Martial God Asura Chapter 5623 – Fatty Chen Hui Bahasa Indonesia
Bab 5623: Chen Hui yang Gemuk
Chu Feng melewati gerbang formasi spiritual dan tiba di lapangan yang ramai, di mana semua orang sedang memeriksa gulungan yang mereka pegang dengan ekspresi serius.
Sementara itu, lebih banyak orang terbang keluar dari gerbang formasi spiritual dan turun ke lapangan. Mereka semua adalah ahli spiritual dunia junior dengan sabit di tangan mereka.
Lapangan ini terletak di puncak gunung yang menjulang tinggi. Mereka yang berdiri di tepi lapangan atau terbang di udara dapat melihat pemandangan di bawah puncak gunung.
“Ladang pertanian?” gumam Chu Feng.
Di sekitar mereka terdapat ladang pertanian yang dibagi menjadi petak-petak persegi sepanjang tujuh puluh meter. Sebuah rumah dengan plakat terletak di antara setiap petak persegi. Plakat yang paling dekat dengan puncak gunung bertuliskan nama, tetapi yang lebih jauh masih kosong.
Ssst!
Sebuah gulungan terbang ke arah Chu Feng dan berhenti di depannya. Gulungan itu identik dengan yang dipegang oleh orang lain di lapangan.
Chu Feng membuka gulungan itu dan dengan cepat memahami arti di balik sabit tersebut.
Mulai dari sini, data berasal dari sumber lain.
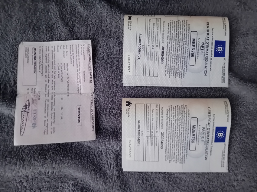 Te koop aangeboden in volledige originele staat(er staat nu een viper uitlaat op maar de originele is er bij).is in de HRC kleuren gelakt met gouden velgen.info 0476692149.

Setiap orang dapat memilih sepetak ladang pertanian. Mereka diharapkan untuk memanen dan menyerahkan hasil panen, dan sebagai imbalannya, mereka akan menerima Mutiara Spiritualis Dunia. Semakin baik kualitas hasil panen, semakin banyak Mutiara Spiritualis Dunia yang akan diterima.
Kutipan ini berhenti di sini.